◆ **WHAT THE TASK REQUIRES**:
Write out the opening lines of the data word for word, up to and including the line with "鞋柜放在进门位置是共识,因为", and leave every picture and every later line out.

◆ **STORED DATA**:

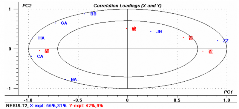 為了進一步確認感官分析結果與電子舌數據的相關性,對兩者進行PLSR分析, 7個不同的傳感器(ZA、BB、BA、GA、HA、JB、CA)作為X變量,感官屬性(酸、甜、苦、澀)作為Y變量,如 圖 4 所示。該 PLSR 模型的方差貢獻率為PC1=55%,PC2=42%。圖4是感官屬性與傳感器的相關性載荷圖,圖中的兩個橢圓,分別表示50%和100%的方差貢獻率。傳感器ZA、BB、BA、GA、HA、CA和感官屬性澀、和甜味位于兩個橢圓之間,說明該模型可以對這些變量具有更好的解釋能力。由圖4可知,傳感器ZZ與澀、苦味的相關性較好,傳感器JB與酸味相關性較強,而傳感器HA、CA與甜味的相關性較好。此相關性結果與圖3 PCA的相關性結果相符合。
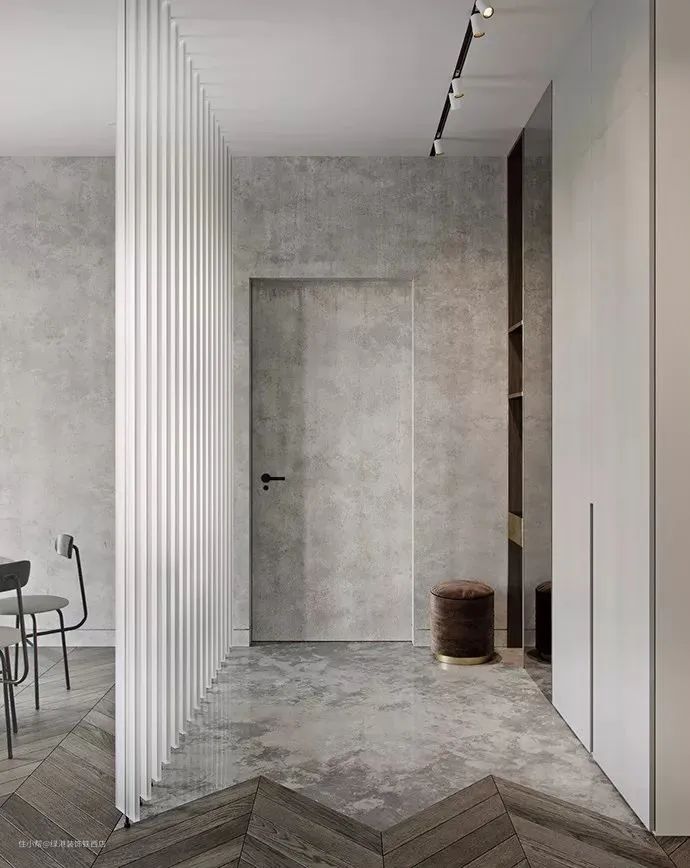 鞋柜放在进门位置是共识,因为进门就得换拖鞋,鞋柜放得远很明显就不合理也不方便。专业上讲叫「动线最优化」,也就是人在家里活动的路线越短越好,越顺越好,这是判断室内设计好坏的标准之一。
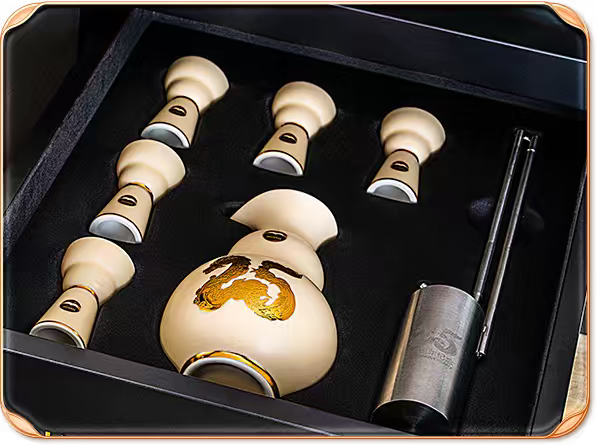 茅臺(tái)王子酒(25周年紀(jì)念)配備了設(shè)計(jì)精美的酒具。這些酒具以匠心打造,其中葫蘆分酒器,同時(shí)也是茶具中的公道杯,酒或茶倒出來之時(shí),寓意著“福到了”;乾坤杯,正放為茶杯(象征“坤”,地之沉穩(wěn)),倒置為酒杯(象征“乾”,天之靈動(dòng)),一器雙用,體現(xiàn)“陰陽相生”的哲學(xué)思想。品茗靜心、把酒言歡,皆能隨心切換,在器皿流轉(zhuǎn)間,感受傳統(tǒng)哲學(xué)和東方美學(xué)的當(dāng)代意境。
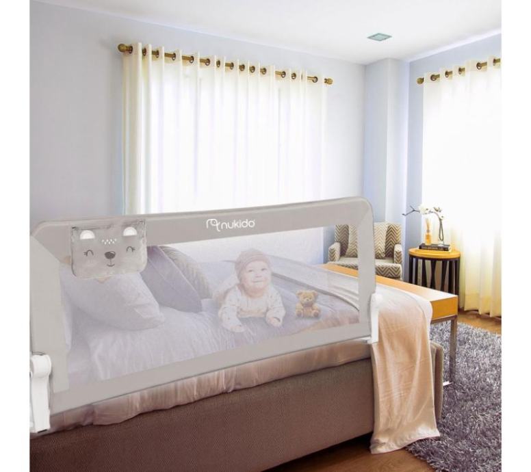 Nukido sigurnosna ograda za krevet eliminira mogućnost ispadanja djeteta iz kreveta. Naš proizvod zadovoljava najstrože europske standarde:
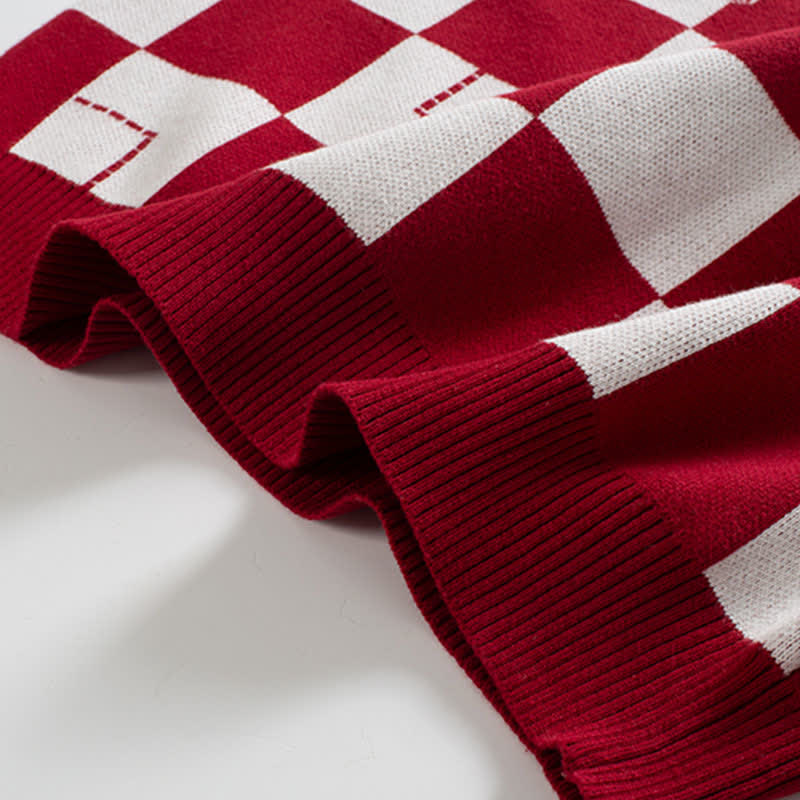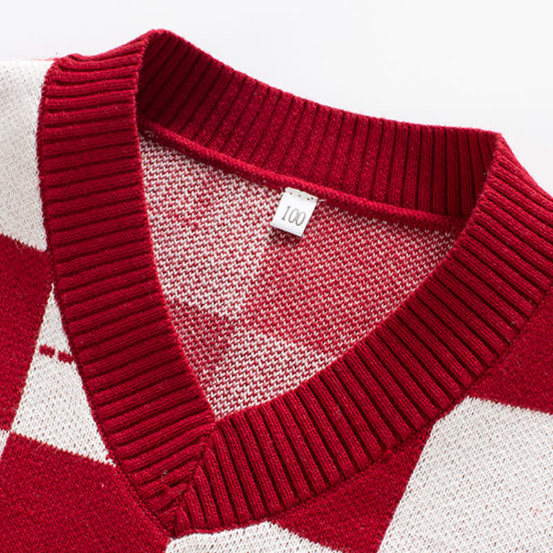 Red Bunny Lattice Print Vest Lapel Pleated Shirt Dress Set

◆ **OUTPUT OF THE EXERCISE**:
 為了進一步確認感官分析結果與電子舌數據的相關性,對兩者進行PLSR分析, 7個不同的傳感器(ZA、BB、BA、GA、HA、JB、CA)作為X變量,感官屬性(酸、甜、苦、澀)作為Y變量,如 圖 4 所示。該 PLSR 模型的方差貢獻率為PC1=55%,PC2=42%。圖4是感官屬性與傳感器的相關性載荷圖,圖中的兩個橢圓,分別表示50%和100%的方差貢獻率。傳感器ZA、BB、BA、GA、HA、CA和感官屬性澀、和甜味位于兩個橢圓之間,說明該模型可以對這些變量具有更好的解釋能力。由圖4可知,傳感器ZZ與澀、苦味的相關性較好,傳感器JB與酸味相關性較強,而傳感器HA、CA與甜味的相關性較好。此相關性結果與圖3 PCA的相關性結果相符合。
 鞋柜放在进门位置是共识,因为进门就得换拖鞋,鞋柜放得远很明显就不合理也不方便。专业上讲叫「动线最优化」,也就是人在家里活动的路线越短越好,越顺越好,这是判断室内设计好坏的标准之一。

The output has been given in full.